Scientific classification
- Kingdom: Animalia
- Phylum: Chordata
- Class: Aves
- Order: Passeriformes
- Family: Furnariidae
- Genus: Asthenes
- Species: A. humilis
- Binomial name: Asthenes humilis (Cabanis, 1873)
- Subspecies: See text

= Streak-throated canastero =

- Genus: Asthenes
- Species: humilis
- Authority: (Cabanis, 1873)
- Conservation status: LC

Species of bird

The streak-throated canastero (Asthenes humilis) is a species of bird in the Furnariinae subfamily of the ovenbird family Furnariidae. It is found in Bolivia and Peru.

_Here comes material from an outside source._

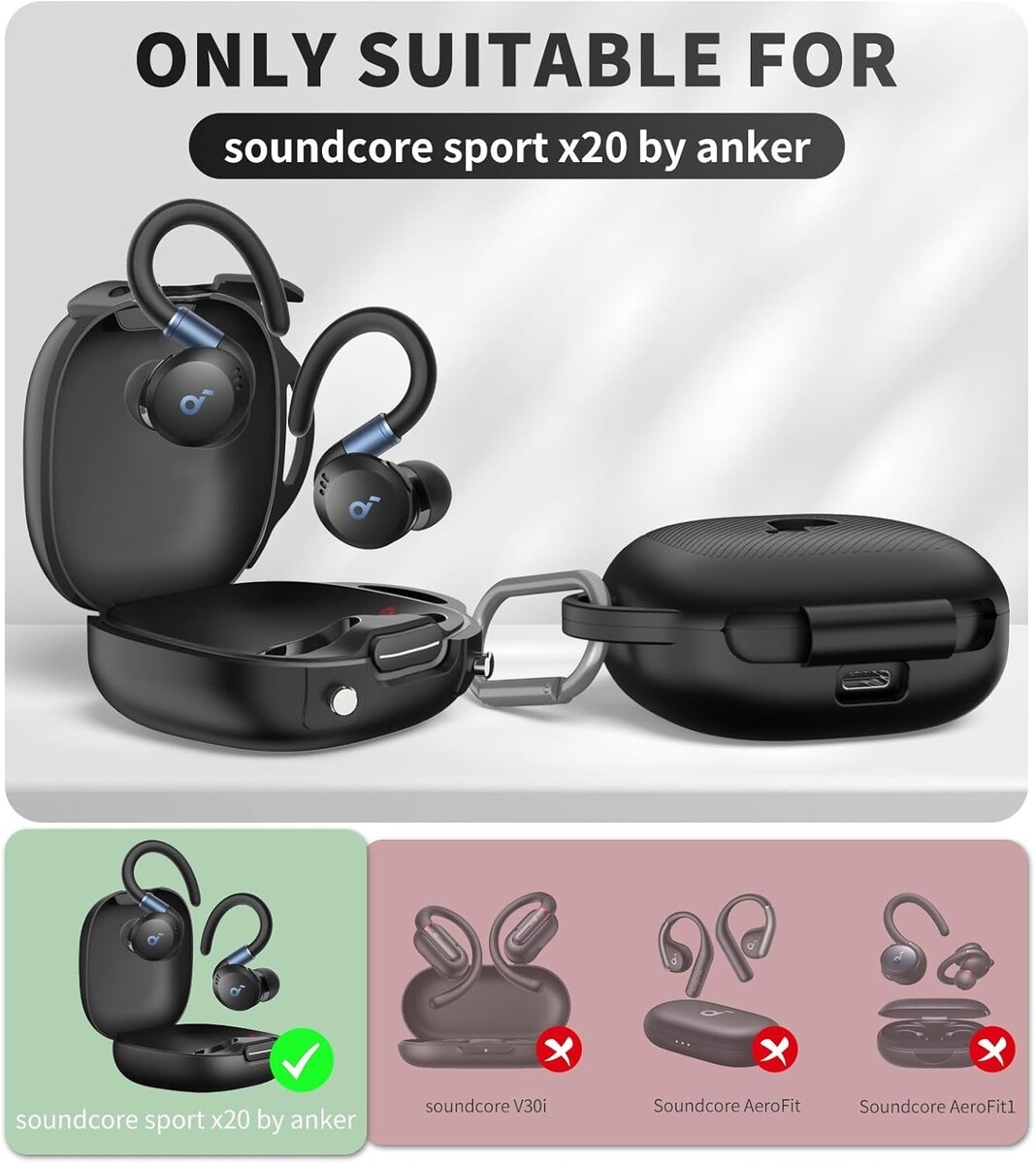 ?Precise Incision?The protective cover is precisely cutting, and reserved charging port, fast charge your Anker Soundcore Sport X20 charging case without remove the charging box cover. Upgrade logo hollowing silicone case designed for Anker Soundcore Sport X20.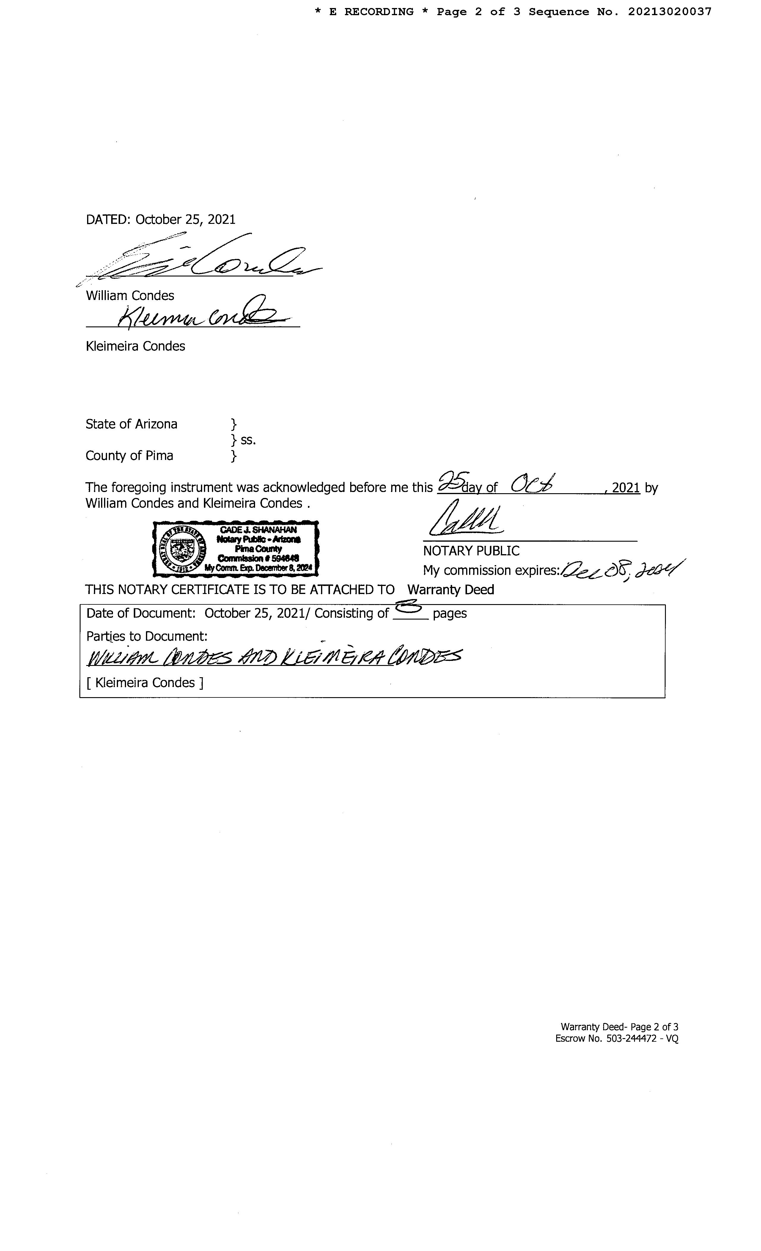 Subject Property : 1294 W Seep Willow Pl Tucson AZ 85737

==Taxonomy and systematics==

The streak-throated canastero has three subspecies, the nominate A. h. humilis (Cabanis, 1873), A. h. cajamarcae (Zimmer, JT, 1936), and A. h. robusta (von Berlepsch, 1901).

==Description==

The streak-throated canastero is 15 to 16 cm long and weighs 23 to 24 g. The sexes have the same plumage. Adults of the nominate subspecies have a dull whitish buff supercilium, dark brownish lores, and a vague brownish streak behind the eye on an otherwise dark brown and grayish buff streaked face. Their crown is dull dark brown with faint darker streaks and small blackish dots on the forehead. Their back, rump, and uppertail coverts are dull dark brown with faint darker streaks on the back that become longer and wider towards the rump. Their wings are mostly dull dark brownish with some rufous on the coverts and rufescent edges on some secondaries. Their tail is dark brown with tawny-buff edges on the feather's outer webs. Their chin is orange-rufous, their throat and breast pale brown, their belly a paler brown, and their flanks and undertail coverts a warmer brownish buff. Their throat has thin blackish streaks that disappear on the upper breast. Their iris is brown, their maxilla black to dark horn, their mandible blackish to gray with a black tip, and their legs and feet grayish olive to brownish gray. Juveniles have little or no orange and less distinct streaks on the throat and some rufous on the tail.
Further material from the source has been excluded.